** STUDY MATERIAL follows **
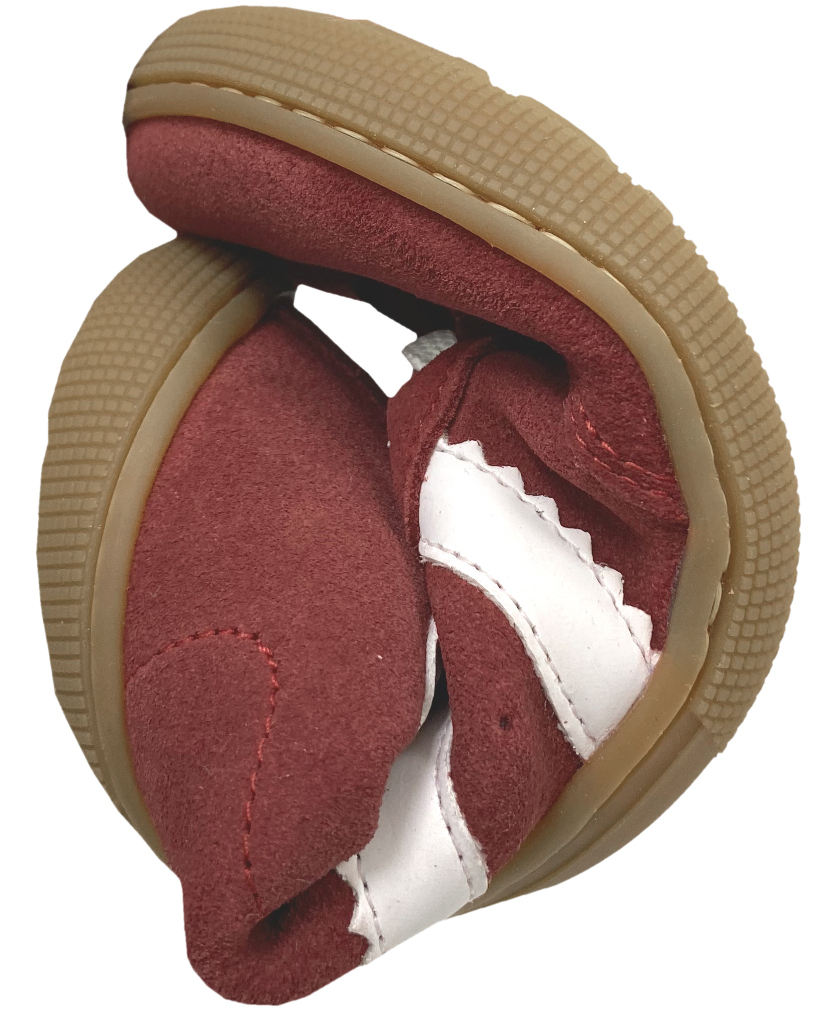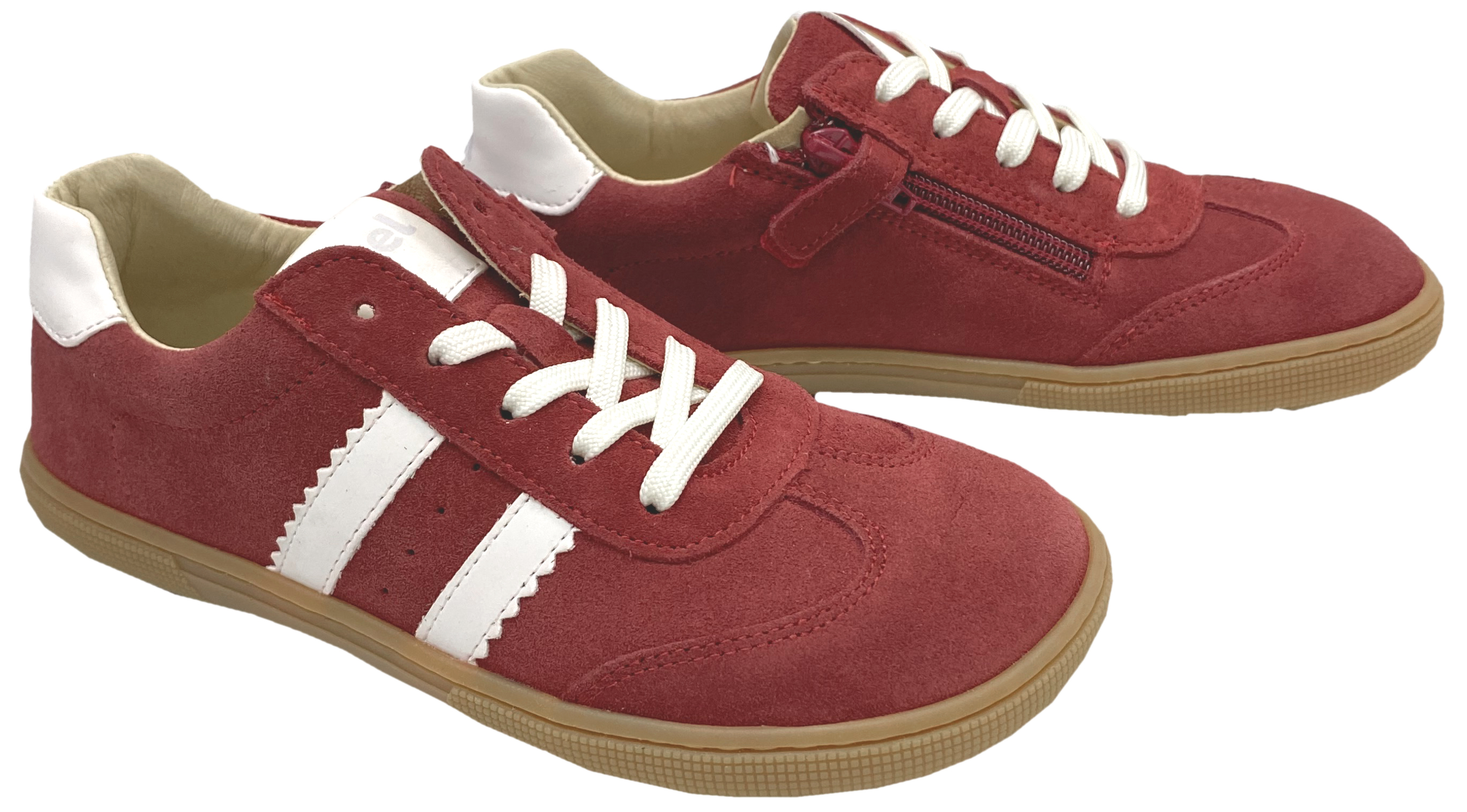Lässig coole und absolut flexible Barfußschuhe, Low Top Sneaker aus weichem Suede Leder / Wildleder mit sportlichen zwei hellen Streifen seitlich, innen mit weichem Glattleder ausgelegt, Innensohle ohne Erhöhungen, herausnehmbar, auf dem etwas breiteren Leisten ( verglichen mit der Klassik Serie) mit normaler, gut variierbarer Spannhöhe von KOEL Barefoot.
** End of STUDY MATERIAL **
** STUDY MATERIAL follows **
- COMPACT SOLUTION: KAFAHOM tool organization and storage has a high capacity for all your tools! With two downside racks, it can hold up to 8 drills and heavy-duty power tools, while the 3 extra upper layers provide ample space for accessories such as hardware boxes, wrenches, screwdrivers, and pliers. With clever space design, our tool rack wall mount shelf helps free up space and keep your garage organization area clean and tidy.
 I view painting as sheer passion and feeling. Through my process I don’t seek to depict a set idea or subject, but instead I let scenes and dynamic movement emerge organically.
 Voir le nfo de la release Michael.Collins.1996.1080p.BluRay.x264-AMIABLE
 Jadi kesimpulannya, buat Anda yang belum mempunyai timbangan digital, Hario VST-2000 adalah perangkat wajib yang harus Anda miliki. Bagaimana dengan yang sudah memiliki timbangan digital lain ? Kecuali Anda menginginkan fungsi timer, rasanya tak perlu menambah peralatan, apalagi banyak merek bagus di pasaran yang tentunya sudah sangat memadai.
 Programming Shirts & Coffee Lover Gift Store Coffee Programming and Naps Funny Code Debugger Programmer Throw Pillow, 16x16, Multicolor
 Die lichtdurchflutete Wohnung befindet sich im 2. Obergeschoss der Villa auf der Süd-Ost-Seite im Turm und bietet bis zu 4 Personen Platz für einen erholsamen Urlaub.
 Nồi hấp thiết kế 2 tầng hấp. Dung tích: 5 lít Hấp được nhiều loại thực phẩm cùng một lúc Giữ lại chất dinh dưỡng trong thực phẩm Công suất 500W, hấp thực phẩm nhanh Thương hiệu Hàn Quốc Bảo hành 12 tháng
** End of STUDY MATERIAL **
** STUDY MATERIAL follows **
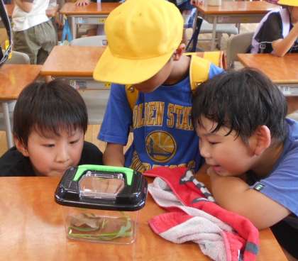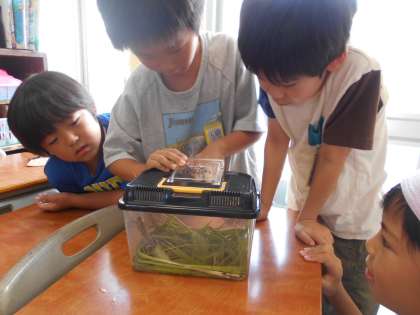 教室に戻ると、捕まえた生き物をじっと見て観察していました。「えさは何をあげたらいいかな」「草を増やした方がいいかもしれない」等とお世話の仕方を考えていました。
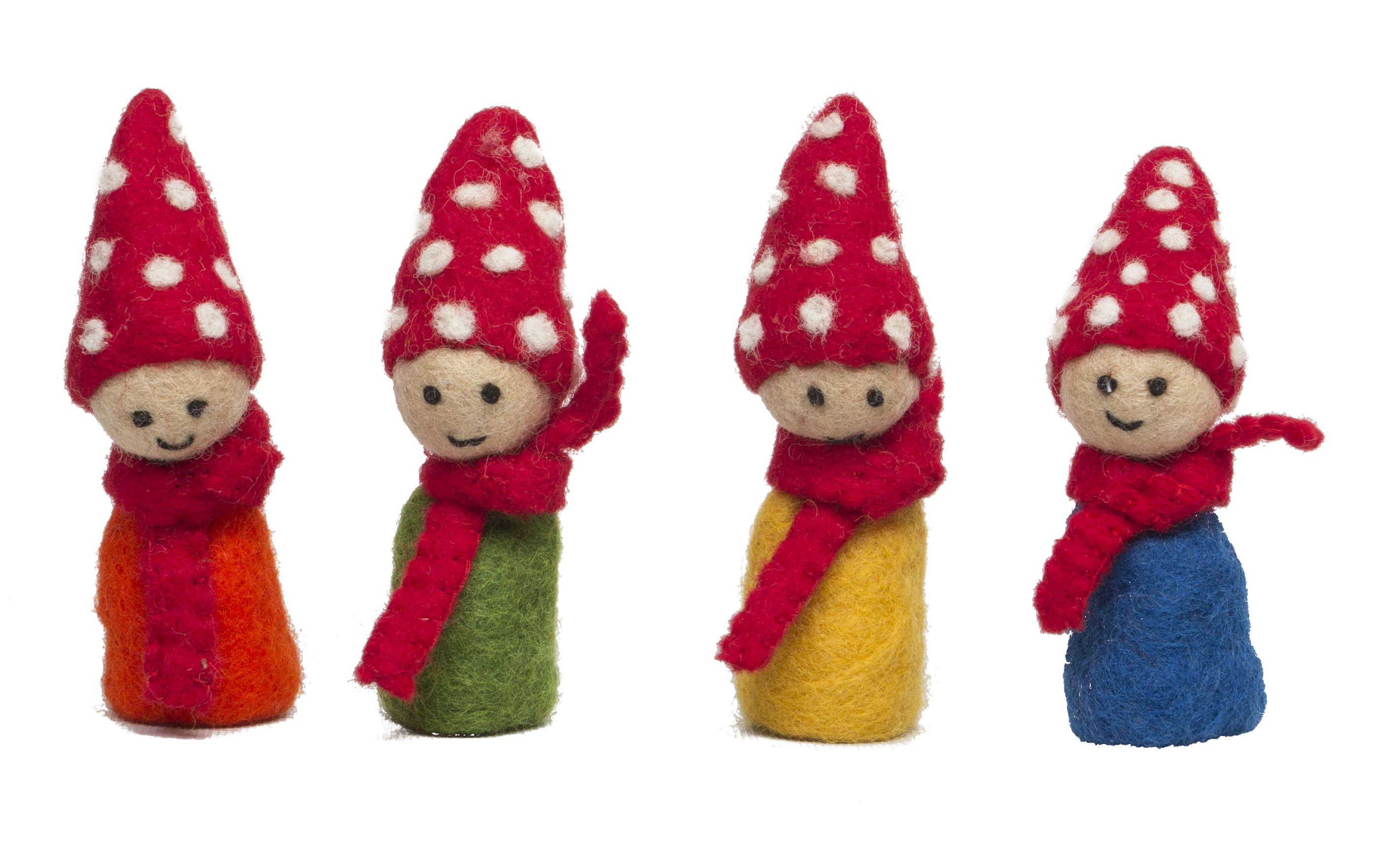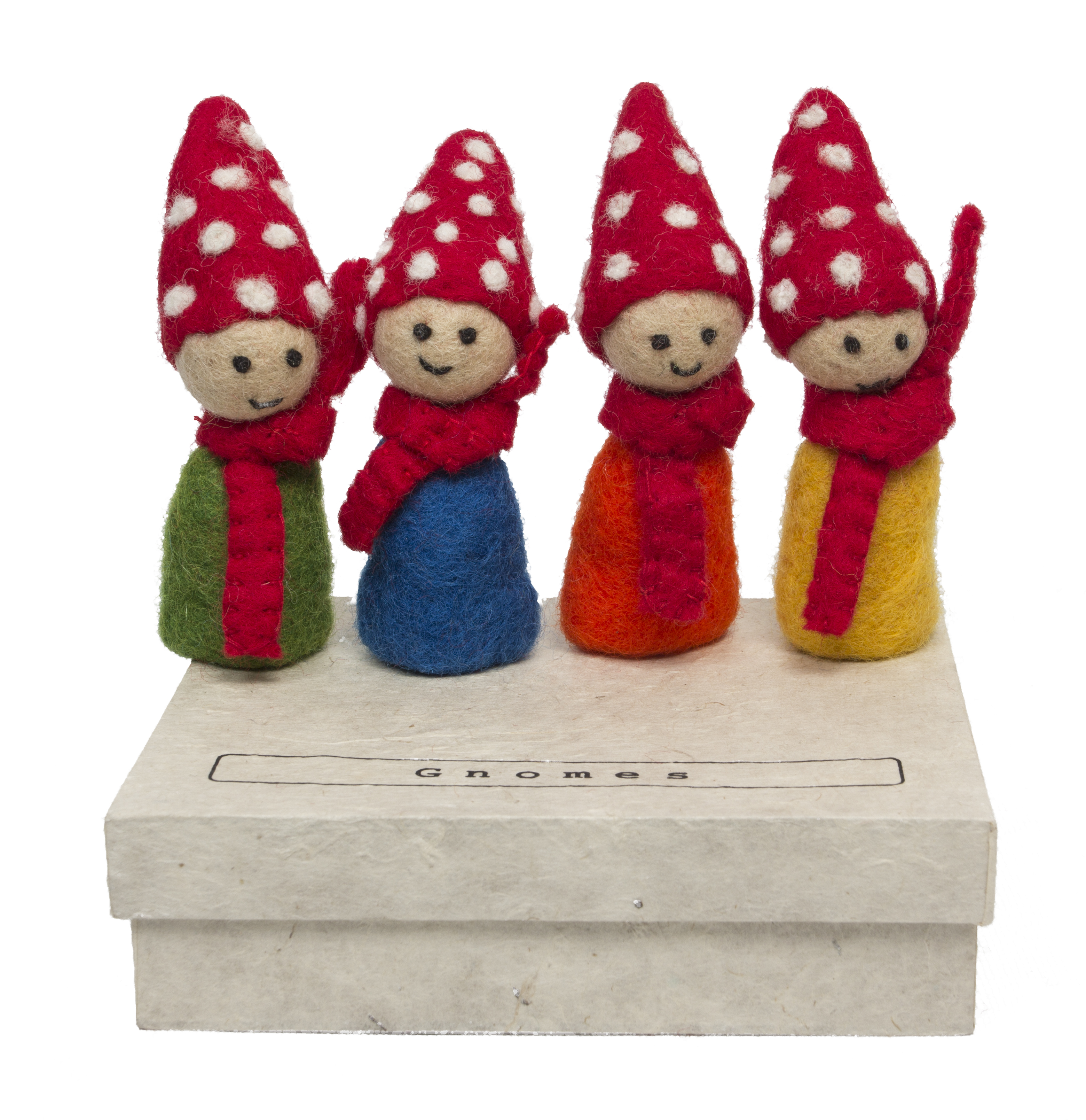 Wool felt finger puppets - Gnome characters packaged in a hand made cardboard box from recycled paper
** End of STUDY MATERIAL **
* [TASK GOAL] Set down again, word for word, the stretch of records from the line with "Voir le nfo" to the line with "Nồi hấp thiết", both of those lines included.

* [OUTPUT BELOW]
 Voir le nfo de la release Michael.Collins.1996.1080p.BluRay.x264-AMIABLE
 Jadi kesimpulannya, buat Anda yang belum mempunyai timbangan digital, Hario VST-2000 adalah perangkat wajib yang harus Anda miliki. Bagaimana dengan yang sudah memiliki timbangan digital lain ? Kecuali Anda menginginkan fungsi timer, rasanya tak perlu menambah peralatan, apalagi banyak merek bagus di pasaran yang tentunya sudah sangat memadai.
 Programming Shirts & Coffee Lover Gift Store Coffee Programming and Naps Funny Code Debugger Programmer Throw Pillow, 16x16, Multicolor
 Die lichtdurchflutete Wohnung befindet sich im 2. Obergeschoss der Villa auf der Süd-Ost-Seite im Turm und bietet bis zu 4 Personen Platz für einen erholsamen Urlaub.
 Nồi hấp thiết kế 2 tầng hấp. Dung tích: 5 lít Hấp được nhiều loại thực phẩm cùng một lúc Giữ lại chất dinh dưỡng trong thực phẩm Công suất 500W, hấp thực phẩm nhanh Thương hiệu Hàn Quốc Bảo hành 12 tháng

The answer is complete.